If you look at town-planning blueprints of ancient Kyoto, you can see the clear division into blocks, and inside of each block you will see homes of various sizes, and a yarimizu stream (TN: A narrow stream flowing through a traditional Japanese garden, created through elaborate manipulation of water flows and rock placement in the water) running through them. “Most of the land [these days] is divided into tiny bits and pieces between many landowners, so you simply can not construct a new body of water that would go beyond your property boundaries. With vegetation, if you start planting the same kinds of grasses or trees as the ones that can be found in local, wild nature, eventually the area you plant will exhibit the same colors and shapes as other parts of the region and will visually merge with the local environment. And following the flora merge, creatures like birds and butterflies will also cross the boundary between the wild and the private property, and an exciting tale will be born,” ponders Tase.

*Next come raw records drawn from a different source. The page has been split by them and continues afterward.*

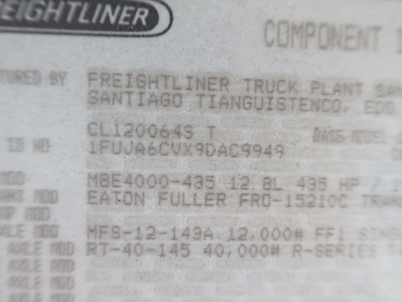 T/A, TRACTOR, 435 HP MERCEDEZ OM460, 10 SPD, AIR SUSPENSION, 181" W/B, 12,000 LB FRONT, 40,000 LB REARS, SLIDER, A/B (CHECK ENGINE LIGHT IS ON)
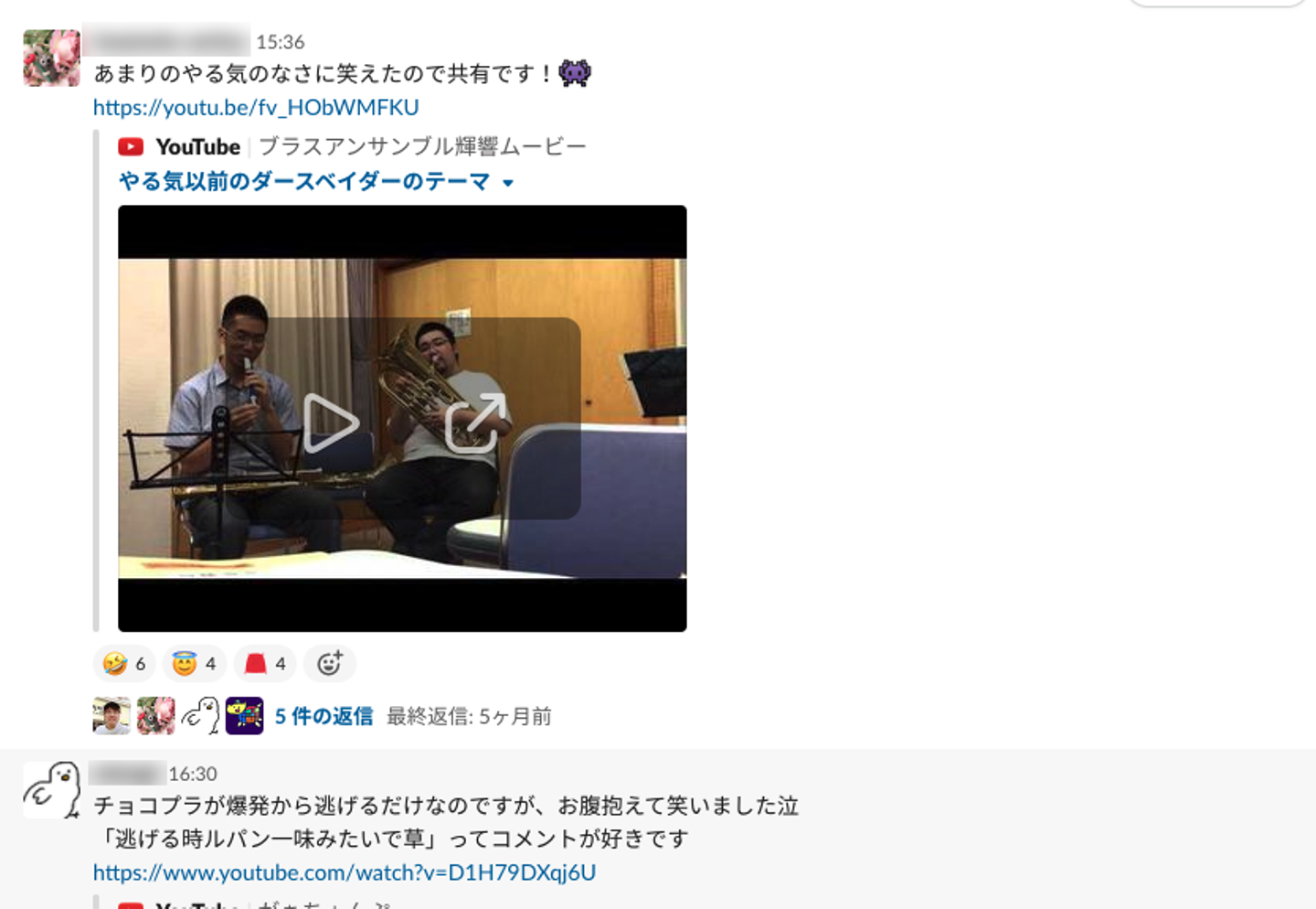 例えば、ここで出た意見をもとに、お笑いを共有するgerachannel(ゲラチャンネル)については、観た人がより反応しやすくなるような工夫として、ざぶとんの絵文字スタンプが作られました。(slackでは、コメント反応できるスタンプを作成することができます)また、これに伴いfikaチャンネルでも、新しい反応スタンプの案が出たりと、お互いの運営者が集まることでシナジーも生まれています。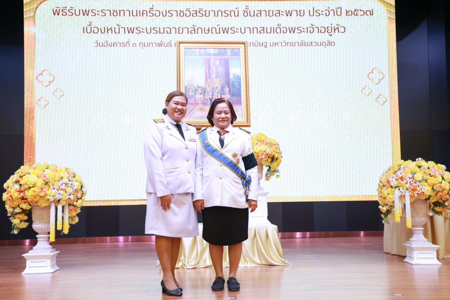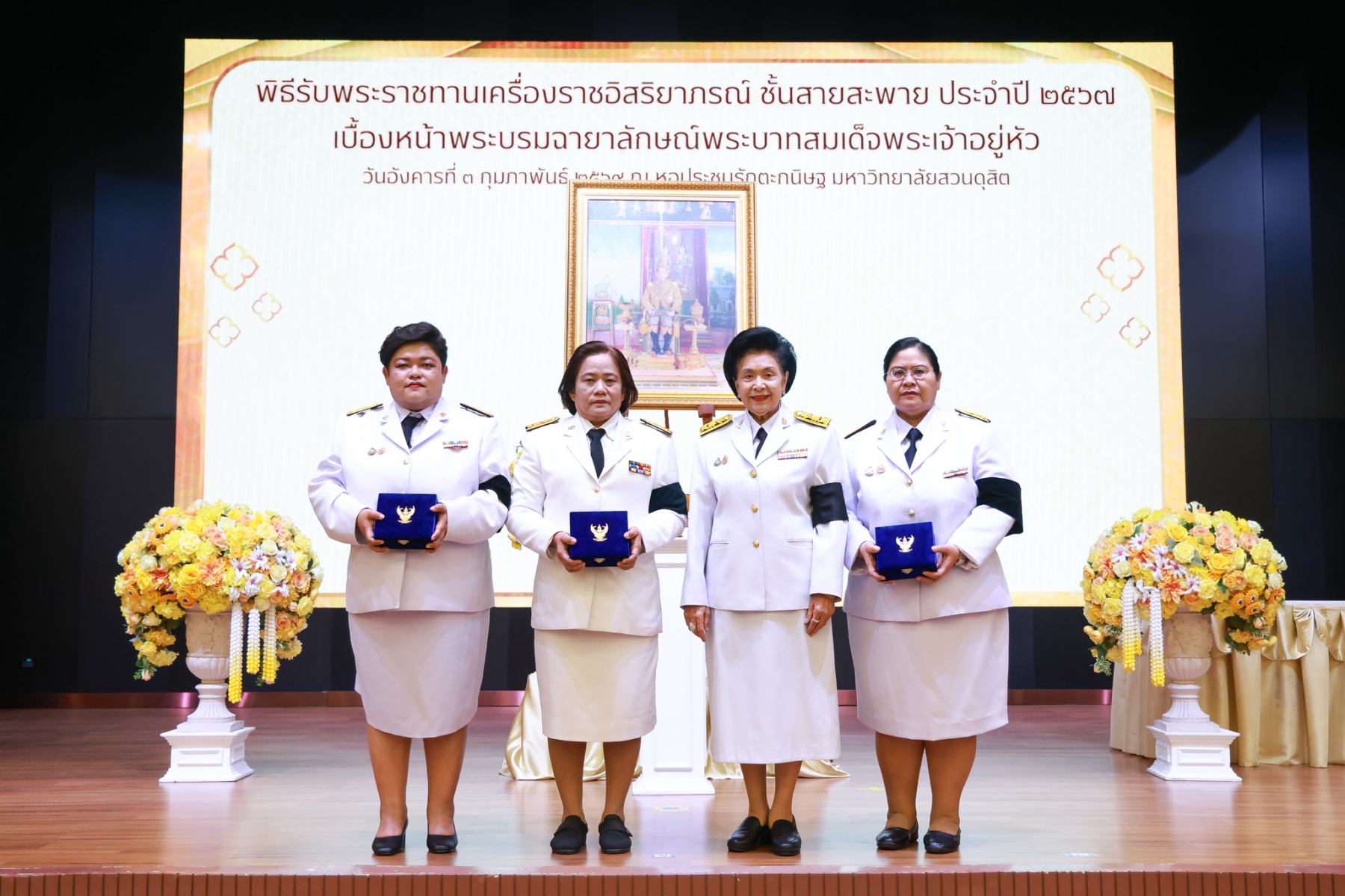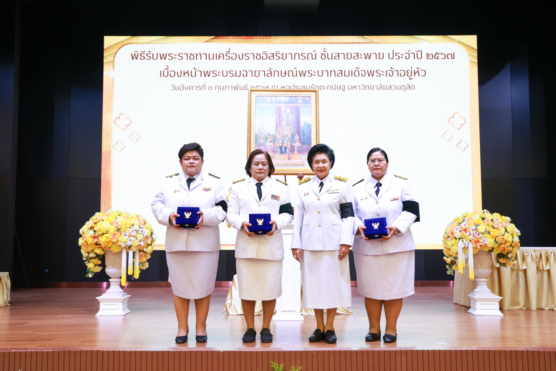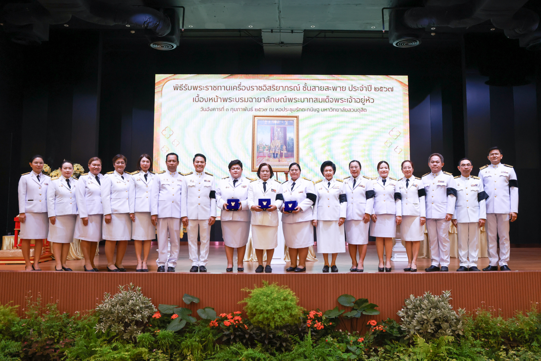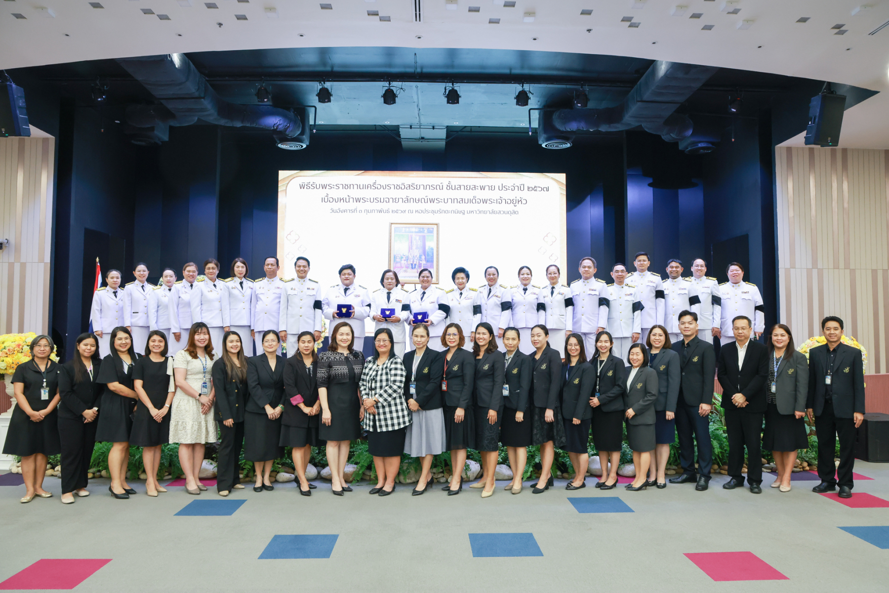มหาวิทยาลัยสวนดุสิต จัดพิธีรับพระราชทานเครื่องราชอิสริยาภรณ์ ชั้นสายสะพาย ประจำปี 2567 เบื้องหน้าพระบรมฉายาลักษณ์พระบาทสมเด็จพระเจ้าอยู่หัว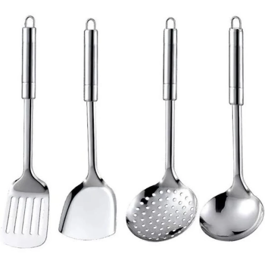 PASLANMAZ ÇELİK MUTFAK SETİPaslanmaz çelikten üretilen bu mutfak seti, dayanıklılık ve şıklığı bir araya getirerek mutfakta çeşitli işlemleri kolaylaştırır. Set, beş ana parçadan oluşur:Paslanmaz Stand: Fonksiyonel ve sağlam bir temel sunarak diğer mutfak araçlarını düzenli bir şekilde saklar. Mutfak tezgahınızda düzeni sağlamak için idealdir.Kepçeler (2 Parça): İki farklı boyutta tasarlanmış kepçeler, yemek pişirme veya servis yapma işlemlerinizde size esneklik sunar. Paslanmaz çelik malzeme, dayanıklılık ve hijyen sağlar.Spatula: Geniş ve düz yapısı ile kızartma, döndürme veya karıştırma işlemlerinde kullanılabilir. Paslanmaz çelik yapısı, uzun ömürlü ve güvenilir bir kullanım sunar.Kevgir: Pratik bir kullanım sunan kevgir, çorba, makarna veya diğer yemekleri süzmek için idealdir. Paslanmaz çelik malzeme, temizliği kolaylaştırır.Bu paslanmaz çelik mutfak seti, mutfakta çeşitli görevler için gereken temel araçları bir araya getirerek kullanıcıya pratiklik ve dayanıklılık sağlar.Paket İçeriği1 adet paslanmaz çelik mutfak seti
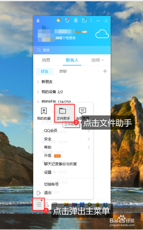 点击“本家儿菜单”图标,在弹出的菜单中选择“文件助手”。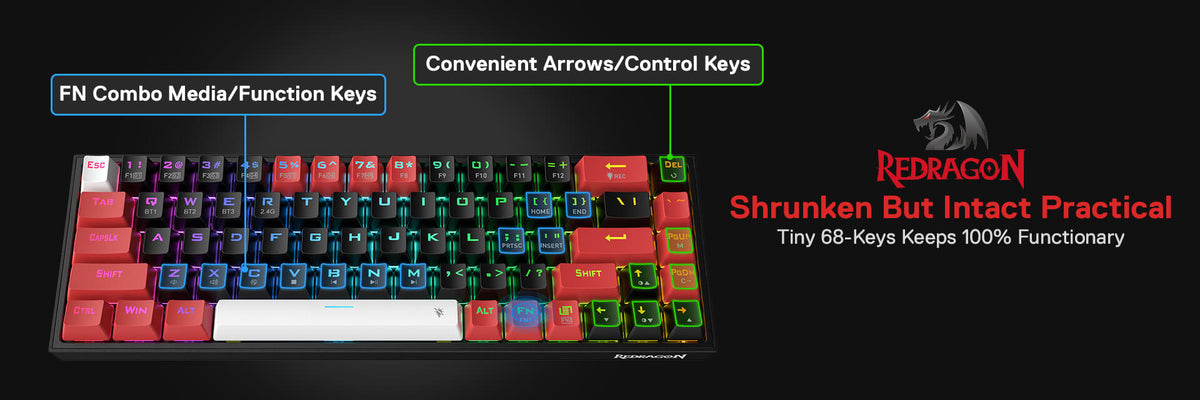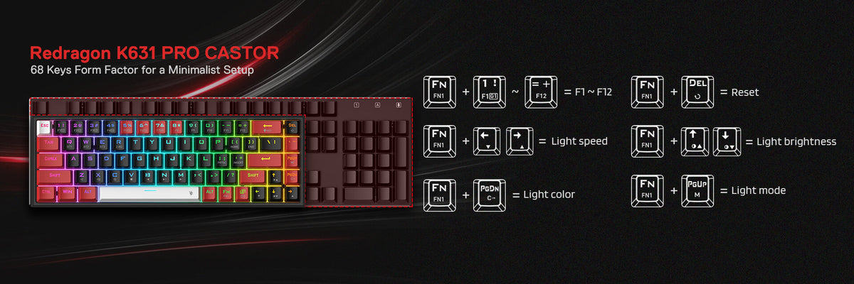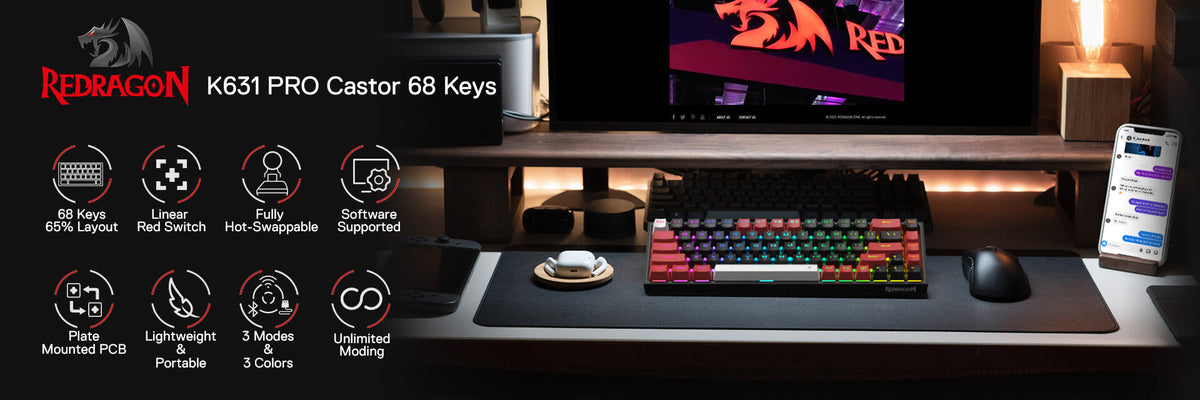 CASTOR K631 PRO - 65% Bluetooth + 2.4Ghz Wireless + Wired RGB Mechanical Keyboard (Red Switch)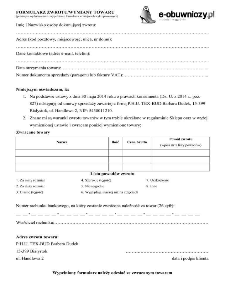 FORMULARZ ZWROTU/WYMIANY TOWARU (prosimy o wydrukowanie i wypełnienie formularza w miejscach wykropkowanych) Imię i Nazwisko osoby dokonującej zwrotu: ……………………………………………………………………………………………………………….. Adres (kod pocztowy, miejscowość, ulica, nr domu): ……………………………………………………………………………………………………………….. Dane kontaktowe (adres e-mail, telefon): ……………………………………………………………………………………………………………….. Data otrzymania towaru:…………………………………………………………………………………….. Numer dokumentu sprzedaży (paragonu lub faktury VAT):………………………………………………... Niniejszym oświadczam, iż: 1. Na podstawie ustawy z dnia 30 maja 2014 roku o prawach konsumenta (Dz. U. z 2014 r., poz. 827) odstępuję od umowy sprzedaży zawartej z firmą P.H.U. TEX-BUD Barbara Dudek, 15-399 Białystok, ul. Handlowa 2, NIP: 5430011210. 2. Znane mi są warunki zwrotu towarów w tym trybie określone w regulaminie Sklepu oraz w wyżej wymienionej ustawie i zwracam poniżej wymienione towary: Zwracane towary Ilość Nazwa Cena brutto Powód zwrotu (wpisz nr z listy powodów) Lista powodów zwrotu 1. Za mały rozmiar 4. Szerokie (tęgość) 7. Uszkodzone 2. Za duży rozmiar 5. Niewygodne 8. Inne 3. Ciasne (tęgość) 6. Wyglądają inaczej niż na zdjęciach Numer rachunku bankowego, na który zostanie zwrócona należność za towar (26 cyfr): __ __ - __ __ __ __ - __ __ __ __ - __ __ __ __ - __ __ __ __ - __ __ __ __ - __ __ __ __ Właściciel rachunku:………………………………………………………………………………………… Adres zwrotu towaru: P.H.U. TEX-BUD Barbara Dudek 15-399 Białystok ul. Handlowa 2 ……….……………………………………… data i podpis klienta Wypełniony formularz należy odesłać ze zwracanym towarem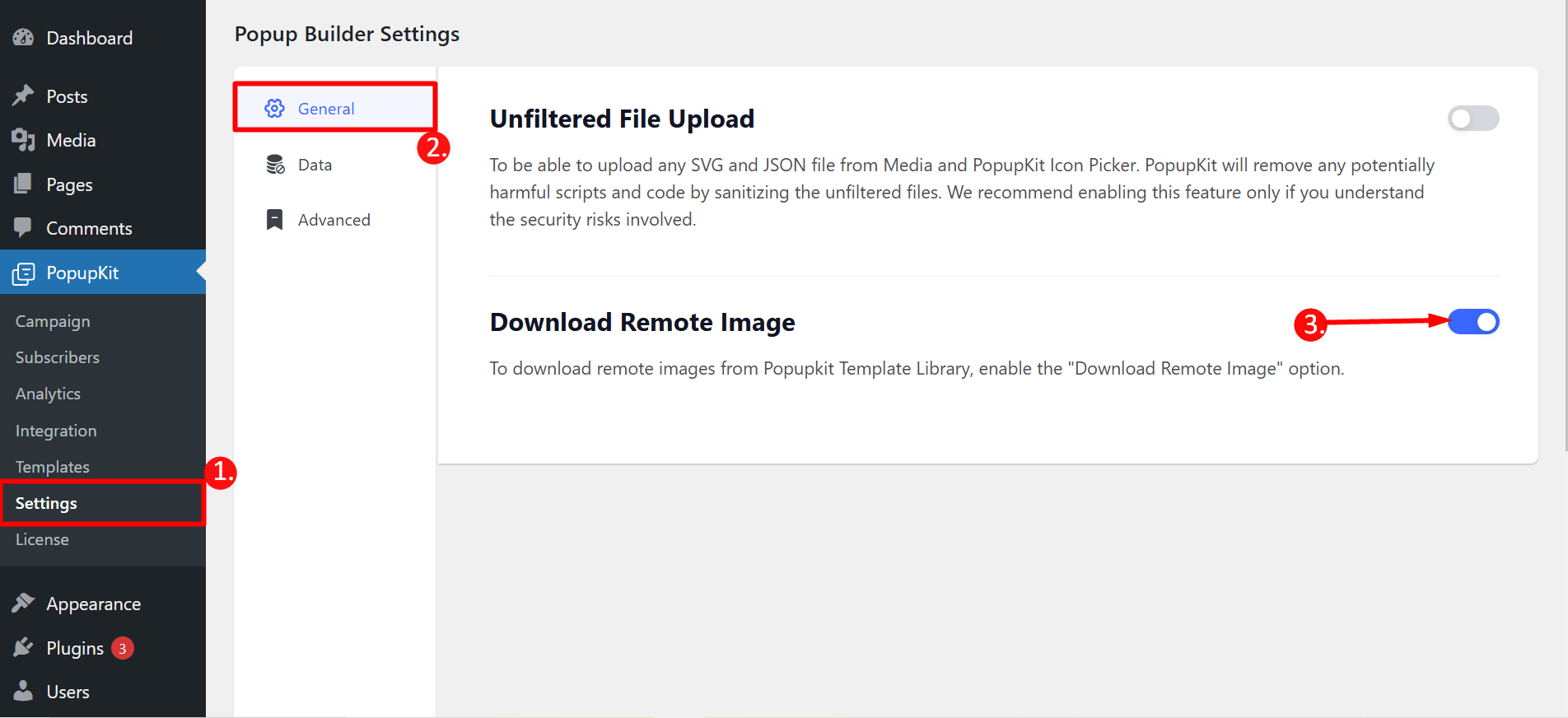 - Go to the Settings of PopupKit from the dashboard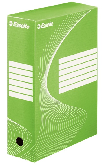 Archivační krabice se zdvojenými postranními stěnami. Určeno pro obsah běžného pořadače 75/80 mm nebo 2 pořadačů šíře hřbetu 50mm. Vyrobeno ze 100% recyklovatelné vlnité lepenky. Hřbetní otvor pro snadné uchopení je na delší i kratší straně, což umožňuje dva způsoby uložení podle výšky police. V barvách značky Esselte. Krabice je dodávaná v rozloženém stavu, sestavení je velmi snadné a rychlé. V barvách značky Esselte.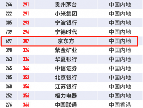 5月12日,美国《福布斯》杂志发布2022全球企业2000强榜单,中国(包括港澳台地区)今年的上榜企业数量达399家, BOE(京东方)位列第307位,较去年大

Tase states that in modern-day Tokyo, real estate developers care only about the comfort of their residents, and they shape the market values accordingly. They divide the already smaller properties into even smaller plots in order to meet the current market demands. His concern is that we are heading full speed towards a self-centered and egoistic society whereby a neighbor tells you, “I do not want a single leaf from your tree to fall on my property.” He declares, “I call this selfishly developed aggregation of property clusters the ‘Tokyo Construction Desert’, a sad sight. Tokyo is in desperate need of repair to its urban ecology.” The effort of humans to utilize the existing resources that nature has to offer, such as water and land, is in itself the process of creation of regional landscapes. If we strive to involve more people to participate in such projects as Geidai Hedge, we will create an environment in which we can build landscapes that are essential, natural, and likely to be sustainable for a long time.

 

ACROSS Fukuoka(PLAMTAGO/2017)

Photo by Akihide Saito

 

Michio Tase
Landscape architect
Born in 1949 in Tokyo, Tase graduated from the University of Chiba / Faculty of Horticulture / Landscape Architecture Course. In 1973 he joined Fujiueki Co., Ltd. – a landscaping company. In 1977, he established the Plamtago workshop. From 1978 to 1986 he was actively involved in the development of apartment complexes at SUM Design Co., Ltd. In 1990 he became the CEO of Plamtago Co., Ltd., and in 2008 he assumed the concurrent position of CEO at an agricultural entity North Co., Ltd.. His major works include Yurigaoka Village, Court House Kunitachi, ACROS Fukuoka, Fukushima Aquarium, BIOS in Okinawa, solar energy company OM-EGG, Nissan Advanced Technology Center, 5bai Midori, Ajinomoto Stadium West Field, Renovated ‘Machiya’ modern folk dwellings, Queen’s Meadow Country House and a horse farm in Tono City (capacity for up to 100 horses), among other projects.